Extending the Input Voltage Range of Standard Op Amps

Introduction

A similar version of this article appeared in the April 15, 2007 issue of EE Times magazine.

Most modern operational amplifiers operate over a 5V (or ±2.5V) or lower voltage range. For applications requiring a larger voltage swing, such as industrial circuits, suitable high-voltage operational amplifiers can be expensive and may not be readily available. The circuit of Figure 1 can extend that range. It operates as a voltage follower, keeping the very high input impedance of a CMOS op amp, and excellent linearity and stability over a much wider voltage range.

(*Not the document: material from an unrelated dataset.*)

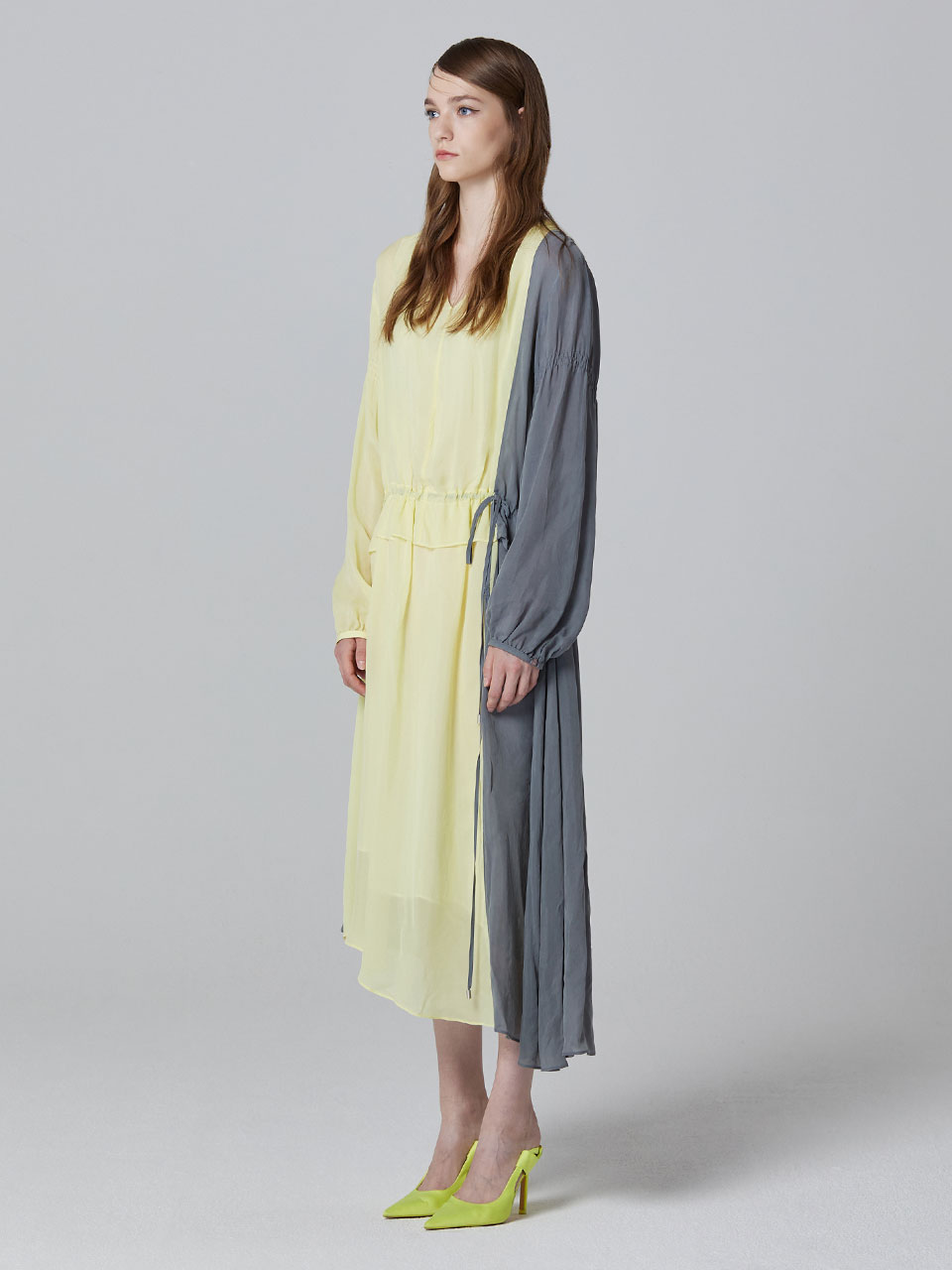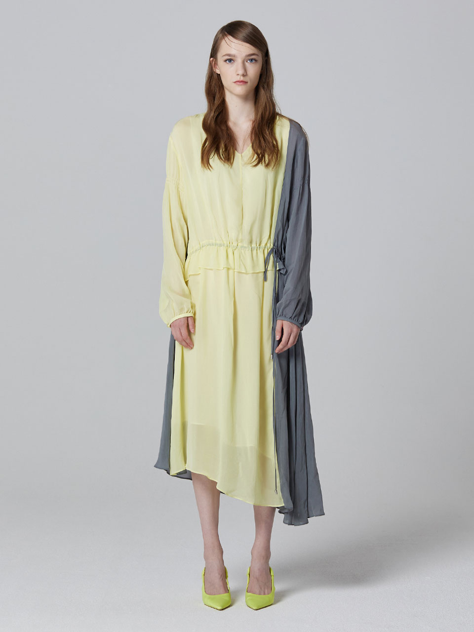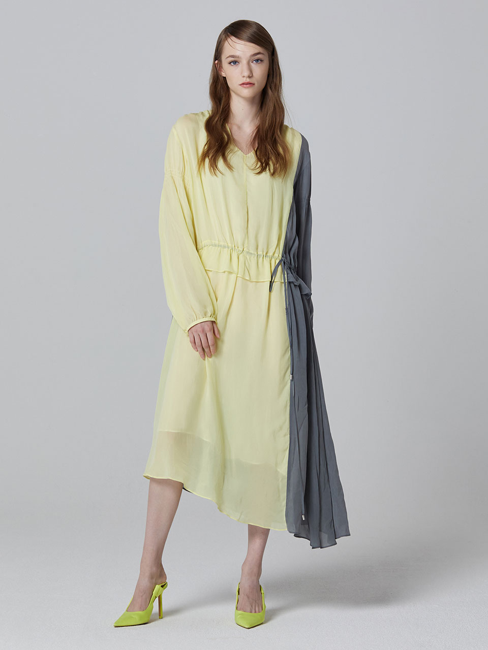 콘트라스트 브이넥 원피스 (YELLOW)_ST19SSOP177

The circuit uses its own output to bootstrap a high-input-voltage-range (up to 76V), low dropout voltage regulator (LDO) whose output is connected to the supply lines of the low voltage input op amp. The circuit exhibits the high impedance, very low bias current input of a CMOS amplifier (< 1pA input current). Linearity is better than 1ppm over a ±20V voltage range, when supplied by ±24V (V+, V-), and the input offset magnitude and thermal drift is the same as the amplifier used at the input. The graph in Figure 2 shows the output of the voltage follower with a 400Hz, 20V_P-P triangle wave applied at the input.

IC1 (MAX4162) is a micropower, precision op amp with a gain bandwidth product of 200kHz. IC2 (MAX6771) provides a regulated +3.3V supply voltage to IC1. The common node of IC2 is tracked to the input voltage by the feedback loop comprised of IC1 and transistor Q1. D1, a 4.5mA constant-current diode, provides quiescent biasing current for Q1, and sinks current from the load when V_IN is below circuit common potential. The RC network R1 and C3 provide shunt compensation to stabilize the circuit for a given bias current through Q1.

Output voltage swing is limited by the headroom requirements of the LDO and the constant current biasing diode, D1. The MAX6771 input voltage range of 76V and the maximum voltage rating of Q1 limit the allowable output voltage range of the circuit.